Monday morning, 8.45am! A 100-minute science lesson! Arrgghh! Steven Russell goes back to school . . . and discovers he's still bottom of the class.

Steven Russell

Monday morning, 8.45am! A 100-minute science lesson! Arrgghh! Steven Russell goes back to school . . . and discovers he's still bottom of the class

NO, I have no firm idea what an isotope is, I'd struggle to make a model of lithium-8 with Smarties, and talk about carbon-14 decaying to nitrogen with a half-life of 5,730 is, well, double-dutch to my unscientific ear. The worst of it is, the class - pupils a third of my age - are much more clued-up. Ooh, and here's a flashback memory from the 1970s: fear and panic. I feel the tears welling . . . Going back to school had all seemed such a good idea last week . . .

Experts and politicians have been twittering on for yonks about science and education. In the autumn of 2006, for instance, the new GCSE syllabus was branded “soundbite science” by one of the top men at Imperial College London.

Last summer, Ofsted claimed lessons in both primary and secondary schools were often uninspiring and didn't have enough practical experiments. “Science is a fascinating and exciting subject,” said chief inspector Christine Gilbert. “Yet for many pupils it lacks appeal because of the way that it is taught.”

And, just last week, regulator Ofqual (horrible name) weighed in. It claimed science GCSE standards had fallen and reckoned exam boards' syllabuses were “over complicated”. There was also too much emphasis on multiple choice questions.

Meanwhile, and on the plus side, TV shows such as Brainiac and Richard Hammond's Blast Lab are popular. Then there's the recent BBC series Rocket Science, in which Wirral teacher Andy Smith tried to “hook” his science-resistant pupils with flashes and bangs before explaining the principles underpinning the physics and chemistry.

So, what's going on?

Three decades after scraping my biology and chemistry O-levels - physics having long been jettisoned as a lost cause - I asked to go back to school. Chantry High in Ipswich, and particularly teacher Jane Reason, kindly allowed us to sit in on a Year 11 class. (That's the fifth year of secondary school in old money.)

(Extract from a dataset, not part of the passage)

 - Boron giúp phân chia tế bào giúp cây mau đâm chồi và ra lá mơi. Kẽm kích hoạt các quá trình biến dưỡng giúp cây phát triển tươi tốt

Teachers obviously don't have the resources to stage Rocket Science-style spectaculars like firework displays, so you might imagine they might be miffed by TV shows that raise expectations. Mrs Reason isn't.

“I like them!” she insists. “What they do is show children that science is fun, relevant and interesting, and it gives them another way in. Also, I get ideas from some of them - different things we can try - or you can video them and show clips of experiments you can't do.

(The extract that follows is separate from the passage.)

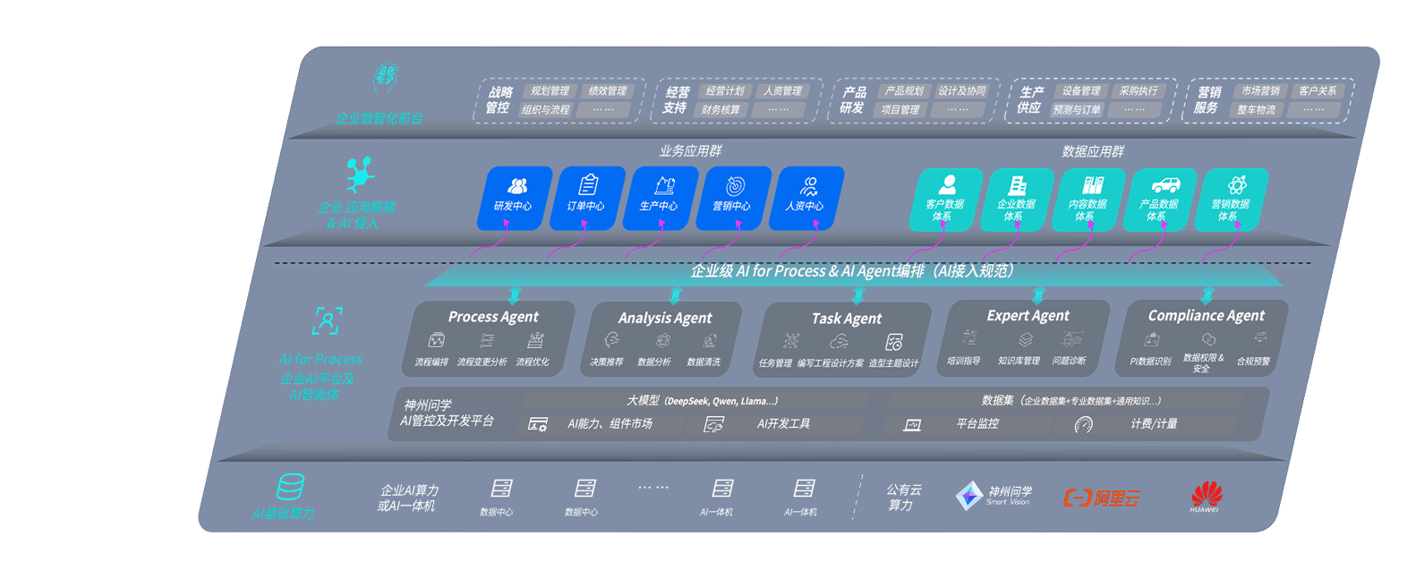端到端的一站式AI工作空间深度融合了从企业战略规划到日常经营的全流程业务板块,,,定向解决车企内部领域多、、部门多、、、、链条长、、、、场景碎片化等难题,,,,支持车企快速构建以AI为核心的生产力写作体系,,实现任务执行与AI能力的无缝集成与交互

“Brainiac once put magnesium, I think it was, in a microwave oven, and it blew the oven up. Can't actually do that in our school, but it's great fun to watch! You can draw on that.

“The fact they see people going to the Nevada copper mines is actually incredibly relevant to pupils studying the impact on the environment of us mining all these things, because they can see the huge great hole in the ground. It's better than a photograph in a book.

“We shouldn't be precious about things. We should think 'All these different mediums are really useful.' If they [the shows] imply 'We're doing this because science teaching is really boring,' I think that's when it gets a bit unnecessary.”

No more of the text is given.